Every morning I wake up on

The wrong side of capitalism

“Big brother’s watching me — and I don’t really mind”

Further to Rachel’s post on ID cards, are Girls Aloud not on the money yet again? If I’m remembering Discipline and punish correctly, Foucault argues that the idea of ‘privacy’ is a creation, and an integral part, of the disciplinary society built around the control of information. The idea that there _is_ some private self that could be separated from public surveillence and control at least provides a cover for that control, and may actually be the mechanism through which control is internalised. Michael Hardt says that when he was teaching Foucault to prisoners:

> They had this resistance to the idea of the production of subjectivity. It seemed to them like a threat, a
> personal threat. That was their last line of defense.

All of which is to say, I think it might be a mistake to formulate an anti-ID cards position in terms of concerns about privacy, because for any given piece of information, it’s plausible for someone to respond, “why would you care if the government knows your address/marital status/job/whatever,” (or to say — “if they want to find it out, they can already”). It’s not the government _knowing_ this that’s the problem (the information they get from surveillence), it’s the surveillence itself, the organisation of various social practices around finding out and confirming this information, which is dangerous.

 

4 comments

  1. Good article on Bristol Indymedia about Blunkett’s measures.

    Comment by rachel @ 12/24/2004 10:39 pm

  2. Yeah, that is good, thanks. Particularly on the money:

    Its like NuLabour seem to believe they can legislate for everything – in this case to impose ‘community’ on communities, when in fact they have continued the Tories’ work of breaking them up, and ignore outright the existing desires of the community.

    Comment by Tim @ 12/24/2004 11:04 pm

  3. I agree that the argument should not be in terms of privacy - i guess what the problem is is not that the government ca know this stuff, but that they can act on it and lock us up. I think the database is maybe a bad thing beacuse it makes it easy for the government to act on this information.

    We should make the point that as laws become incresingly draconian, and the state increasingly controlling (under blunkett and now under clarke)it becomes easier and easier to break the law. A homeless person drinking alcohol in open air, an asylum seeker, an person on benefits doing cash in hand jobs. travellers on sites they have been allowed to stay on for generations are all are all breaking the law. ID cards are an attempt (by the government) to stop them from “breaking the law” - they mean they can be harrassed more.

    Do you think that we should talk about neoliberalism? We could say that the breaking up of communities has been due to neoliberal, and repressive state policies which seek to break up communities (I think this may have been the bristol argument).

    I’m not sure what you are saying here: “it’s the surveillence itself, the organisation of various social practices around finding out and confirming this information, which is dangerous.” Any chance you could phrase it more comprehensibly? - do you mean community police officers/ I guess they divide the communities and make people spy on each other.

    What do you think?

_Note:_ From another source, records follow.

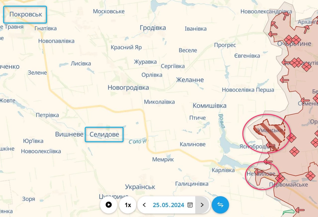 Вчера паблик Deep State сообщил о потере Уманского на Авдеевском направлении. Власти Украины этого не подтверждали. Генштаб вчера сообщал о штурмах в районе Уманского.
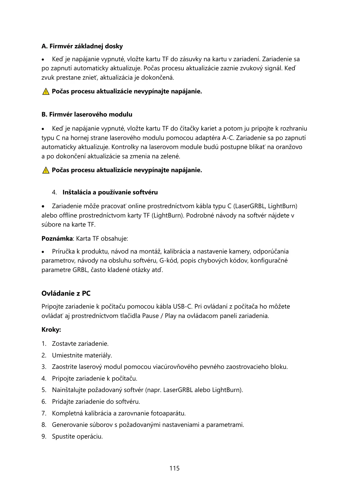 alebo offline prostredníctvom karty TF (LightBurn). Podrobné návody na softvér nájdete v
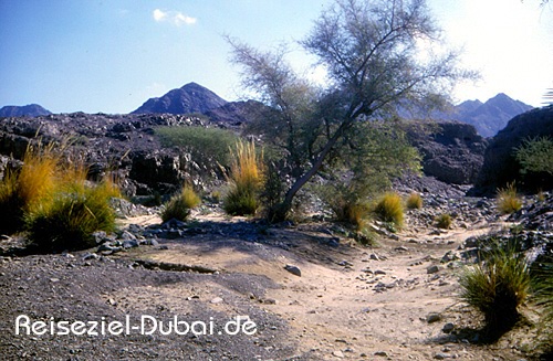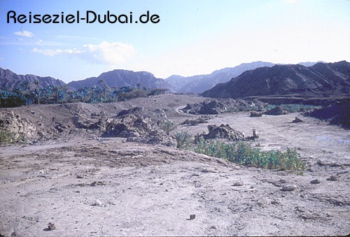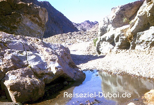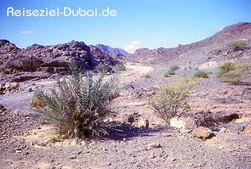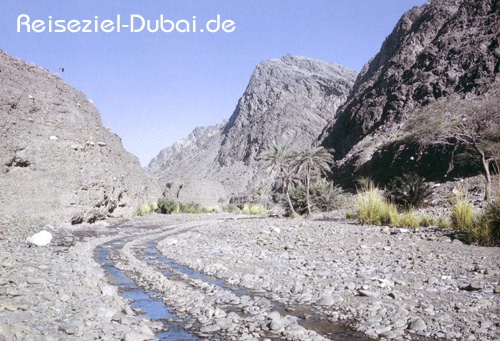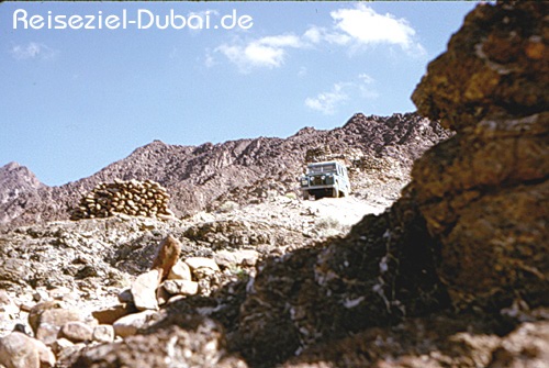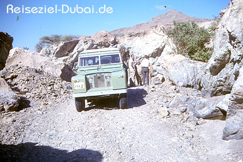 Es gab keine Straße wie man sie heute auch in den VAE kennt. Man musste sich auf eigene Faust einen Weg durch einen Wadi suchen, und nur stellenweise gab es kurze neben dem Wadi verlaufende Schotterpisten.
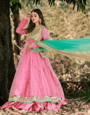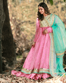 Bahar Bano - A Pink chan Embroidered organza kalidaar frock embellished with mirrors and gota laces intricately pleated sleeves paired up with crush shimmery lehenga in contrast with Aqua gota embellished organza dupatta.
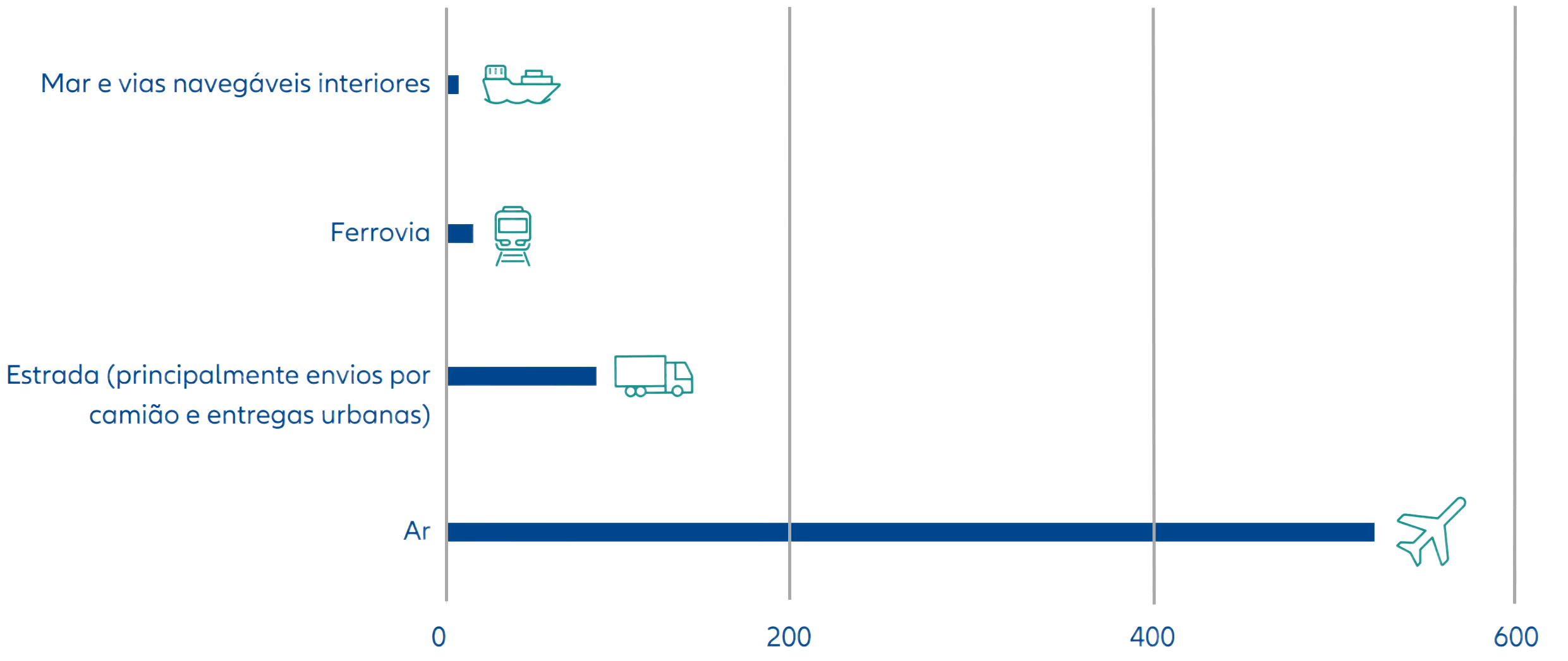 Gráfico 1: Intensidade das emissões globais de carbono no transporte de mercadorias (kg) por mil milhões de toneladas por quilómetro, em 2020

I will try to draft a leaflet, on boxing day ( I think the purpose of tomorrow (christmas day) is to watch my family get drunk. I’m going to focus on the way ID cards are part of all the other legislation that the government has used to repress communities on behalf of communities.

    Have a great Christmas.

    Comment by rachel @ 12/24/2004 11:59 pm

  4. What I mean by “the organisation of various social practices around finding out and confirming this information,” being the problem is that it’s a mistake to think of surveillance as being passive. In order for the passive surveillance to work, it has to have already organised the thing that is going to be surveyed quite carefully. One example would be a prison organised around a central watchtower, so that the guards can see into every cell: the person sitting in the watchtower does not have to do anything, or even be their, to effect the prisoners’ behaviour; rather, the coercion takes place in the very way the prison is designed.

    Similarly, whatever information the government’s ID database stores, it clearly won’t appear in it by magic, rather it will be collected in various ways, and it will be checked or referred to in various circumstances, and it’s not necessarily just the obvious possibilities (like getting nicked for having no ID) that are oppressive, but potentially knock-on effects, too (somebody at the No2ID meeting mentioned the idea of having to show your ID when you get a job, for example).